Contemporary Asian painting today resists easy legibility. Moving between memory, perception, and imagination, artists increasingly turn away from fixed narratives in favor of ambiguity, atmosphere, and psychological space. For Sao Tanaka, Ngai Wing Lam, Hsieh Mu-Chi, and Jiwon Cha, painting is not merely a medium of representation but a site for exploring identity and experience. Across New York, Hong Kong, Taipei, and London, these artists balance the real and the fantastical, allowing personal histories, local myths, and collective memory to surface obliquely. Their work demonstrates that identity is never fixed; it emerges through fragments, atmospheres, and moments of recognition, inhabiting the “in-between” of perception and imagination.
What unites these four painters is a commitment to attentiveness over declaration. Each navigates uncertainty through their distinct visual languages, crafting compositions where reality and fantasy, self and society, interior and exterior, are held in tension. Together, they reflect an introspective practice in Asian contemporary art—one in which painting becomes a method for embracing complexity rather than resolving it.

Sao Tanaka, Imitation of Nature #3, 2025, Sumi ink, Gold paint, Oil and acrylic on mulberry paper, 35.8 x 26 in Sao Tanaka
Tokyo-born, New York-based Sao Tanaka’s work investigates landscapes, myth, and collective identity, rendering inorganic materials in genesis-like scenes that juxtapose realism and fantasy. Trained in traditional Japanese painting (Nihonga) and later in sociology and cultural anthropology at Hitotsubashi University in Tokyo, Tanaka explores not only artistic forms but the cultural and social systems that shape them. Her practice is a continual negotiation between inherited conventions and personal vision, where tradition and contemporary inquiry coexist in tension.
In her 2025 Imitation of Nature series, Tanaka’s layered compositions balance naturalistic detail with surreal characteristics, creating spaces that feel both familiar and otherworldly. Through these in-between landscapes, she examines how memory, cultural mythology, and identity converge, asking viewers to inhabit worlds that are both real and imagined.

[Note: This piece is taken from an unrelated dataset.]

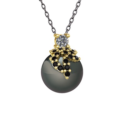 Pırlanta, siyah zirkon ve siyah inci 8 ayar altın kolye (0.11 karat, 40 cm gümüş rolo zincir)

Ngai Wing Lam, The Big Blue Blanket – “I found some knowledge.”, 2023, Oil on wood panel, 60 x 80 cm Ngai Wing Lam
Hong Kong-based Ngai Wing Lam, also known as Ant, is recognized for her surreal, introspective paintings featuring koi fish-headed figures. Drawing inspiration from her childhood pets and vivid dreams, these figures serve as channels through which she explores identity, relationality, and the tensions between conformity and difference. Set against the dense, ever-shifting backdrop of Hong Kong’s urban landscapes, her work also navigates the space between reality and fantasy, balancing meticulous, naturalistic brushwork with narrative invention.
Ngai’s tableaux are at once whimsical and psychologically charged, giving form to speechless figures whose ambiguity embodies human complexity, vulnerability, and the subtle pressures of societal expectation. Whether reclining on a beachside bed, gazing toward distant mountains along a winding road, or metamorphosing into a figure that evokes a centaur, these koi fish-headed characters provoke unexpected emotional responses. In Ngai’s landscape, the hybrid figures can be anyone, of any gender, serving as open conduits for viewers’ own memories. Her paintings resist definitive answers, instead opening a reflective space where audiences are invited to navigate personal and collective experiences, inhabiting worlds that hover between the familiar and the uncanny.

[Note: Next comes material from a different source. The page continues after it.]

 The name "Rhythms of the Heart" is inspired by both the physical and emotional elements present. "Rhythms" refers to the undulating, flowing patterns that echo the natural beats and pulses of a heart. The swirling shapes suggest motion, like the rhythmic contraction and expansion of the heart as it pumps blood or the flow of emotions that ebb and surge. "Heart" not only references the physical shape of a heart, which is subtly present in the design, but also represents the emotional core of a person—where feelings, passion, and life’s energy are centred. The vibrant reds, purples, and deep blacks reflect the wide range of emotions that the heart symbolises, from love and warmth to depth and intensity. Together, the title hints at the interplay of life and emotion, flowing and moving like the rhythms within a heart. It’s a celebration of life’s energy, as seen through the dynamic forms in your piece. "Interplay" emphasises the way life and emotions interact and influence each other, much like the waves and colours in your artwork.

Hsieh Mu-Chi, Midnight Submarine, 2024, Acrylic colors on canvas, 129.2 x 95.8 x 5.0 cm Hsieh Mu-Chi
Taipei-based painter Hsieh Mu-Chi situates identity within temporal and local frameworks, exploring how personal and collective histories intersect in visual form. His layered, composite landscapes juxtapose fragments of memory, historical reference, and environmental observation, blurring the boundary between lived reality and imagined worlds.
A graduate of the Department of Fine Arts at Taipei National University of the Arts, Hsieh has long been drawn to drawing and painting as tools for expressing the multifaceted self. It was during his university studies that he began to systematically engage with art-making—not only through creation, but through art history, theory, and technical exploration. He describes “unexpected discoveries” as central to his practice: encounters with other artists’ works or writings that challenge preconceptions, expand imagination, and refine the ability to observe.
By drawing on 19th- and 20th-century Taiwanese painting traditions while incorporating contemporary issues, Hsieh’s work treats the act of seeing itself as a form of negotiation. Each canvas becomes a space where past and present, real and fantastical, local and global converge—inviting viewers to navigate the fluidity of identity and the ongoing dialogue between self, history, and place.

Jiwon Cha, He hopes for an eternity from now, 2024, Oil on canvas, 200 x 300 cm Jiwon Cha
London-based Jiwon Cha investigates the sublime and the emotional terrain of identity through painting. Her works dwell in the tension between hope and despair, control and surrender, reality and fantasy, translating the contradictions of contemporary experience into richly textured, immersive canvases. Cha’s practice re-articulates the sublime for the 21st century, exploring what it means to feel awe, uncertainty, and vulnerability in a world shaped by forces both personal and societal. By emphasizing the conditions of the “unknown” and the experience of losing control, her paintings probe the delicate balance between despair and hope, continually questioning fate and human agency.
Cha’s process privileges feeling over narrative, allowing personal introspection to merge with universal concerns. Whether through landscapes, figuration, or abstraction, her canvases evoke contemplative spaces where identity is both lived and imagined. In doing so, she aligns with a contemporary practice of painting that values the perceptual and emotional resonance of the in-between—where fantasy and reality converge—over formal resolution.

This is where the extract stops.